PROMPT
Using the data below, set down every line from the one containing "Show your Michigan" through the one containing "After training the", inclusive and unchanged. Pictures are to be skipped.

GIVEN RECORDS
####

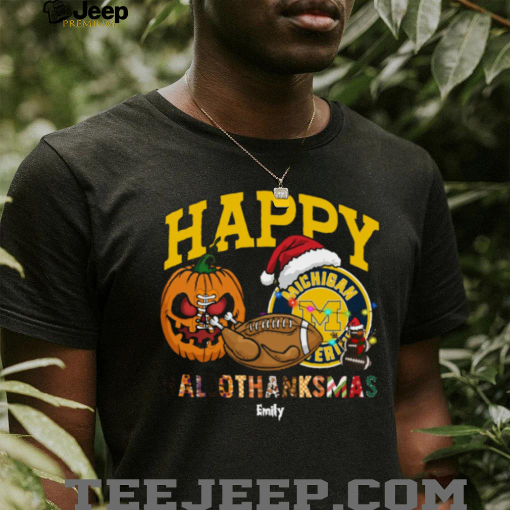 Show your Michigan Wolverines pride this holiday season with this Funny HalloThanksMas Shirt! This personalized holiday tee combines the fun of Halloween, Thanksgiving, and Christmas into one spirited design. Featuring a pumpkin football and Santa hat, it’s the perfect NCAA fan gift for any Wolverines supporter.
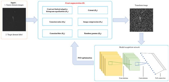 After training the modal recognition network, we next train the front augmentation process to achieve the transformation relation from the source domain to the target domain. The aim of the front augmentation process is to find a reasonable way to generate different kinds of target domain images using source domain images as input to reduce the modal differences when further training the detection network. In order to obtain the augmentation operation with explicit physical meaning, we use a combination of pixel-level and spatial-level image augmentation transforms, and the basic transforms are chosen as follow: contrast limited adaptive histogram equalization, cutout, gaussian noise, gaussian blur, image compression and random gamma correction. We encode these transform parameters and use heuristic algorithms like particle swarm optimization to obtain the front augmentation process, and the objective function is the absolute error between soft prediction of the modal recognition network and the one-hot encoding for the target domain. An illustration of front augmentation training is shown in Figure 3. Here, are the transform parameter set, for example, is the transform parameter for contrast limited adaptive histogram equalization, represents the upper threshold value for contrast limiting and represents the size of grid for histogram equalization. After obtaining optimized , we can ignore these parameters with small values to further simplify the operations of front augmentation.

####

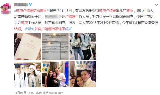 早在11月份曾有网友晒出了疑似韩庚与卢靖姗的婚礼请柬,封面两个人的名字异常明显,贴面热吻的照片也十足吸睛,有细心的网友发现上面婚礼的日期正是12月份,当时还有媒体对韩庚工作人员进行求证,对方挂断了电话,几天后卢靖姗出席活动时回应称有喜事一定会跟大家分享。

####

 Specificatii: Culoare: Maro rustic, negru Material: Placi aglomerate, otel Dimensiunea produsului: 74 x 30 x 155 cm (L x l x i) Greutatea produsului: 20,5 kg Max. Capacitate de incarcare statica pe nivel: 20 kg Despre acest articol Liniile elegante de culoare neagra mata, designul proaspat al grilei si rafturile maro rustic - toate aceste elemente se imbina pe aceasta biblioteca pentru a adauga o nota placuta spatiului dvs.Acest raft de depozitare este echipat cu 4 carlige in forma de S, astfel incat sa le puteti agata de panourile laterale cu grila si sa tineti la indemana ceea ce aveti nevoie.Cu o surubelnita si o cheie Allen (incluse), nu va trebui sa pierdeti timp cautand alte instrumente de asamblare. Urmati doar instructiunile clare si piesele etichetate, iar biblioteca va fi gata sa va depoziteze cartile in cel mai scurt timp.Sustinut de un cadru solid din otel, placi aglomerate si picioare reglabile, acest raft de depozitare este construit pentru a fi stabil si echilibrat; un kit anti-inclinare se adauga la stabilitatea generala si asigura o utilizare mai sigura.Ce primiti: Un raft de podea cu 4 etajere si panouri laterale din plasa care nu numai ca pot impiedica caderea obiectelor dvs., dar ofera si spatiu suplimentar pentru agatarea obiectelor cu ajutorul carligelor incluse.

####

TASK ANSWER
 Show your Michigan Wolverines pride this holiday season with this Funny HalloThanksMas Shirt! This personalized holiday tee combines the fun of Halloween, Thanksgiving, and Christmas into one spirited design. Featuring a pumpkin football and Santa hat, it’s the perfect NCAA fan gift for any Wolverines supporter.
 After training the modal recognition network, we next train the front augmentation process to achieve the transformation relation from the source domain to the target domain. The aim of the front augmentation process is to find a reasonable way to generate different kinds of target domain images using source domain images as input to reduce the modal differences when further training the detection network. In order to obtain the augmentation operation with explicit physical meaning, we use a combination of pixel-level and spatial-level image augmentation transforms, and the basic transforms are chosen as follow: contrast limited adaptive histogram equalization, cutout, gaussian noise, gaussian blur, image compression and random gamma correction. We encode these transform parameters and use heuristic algorithms like particle swarm optimization to obtain the front augmentation process, and the objective function is the absolute error between soft prediction of the modal recognition network and the one-hot encoding for the target domain. An illustration of front augmentation training is shown in Figure 3. Here, are the transform parameter set, for example, is the transform parameter for contrast limited adaptive histogram equalization, represents the upper threshold value for contrast limiting and represents the size of grid for histogram equalization. After obtaining optimized , we can ignore these parameters with small values to further simplify the operations of front augmentation.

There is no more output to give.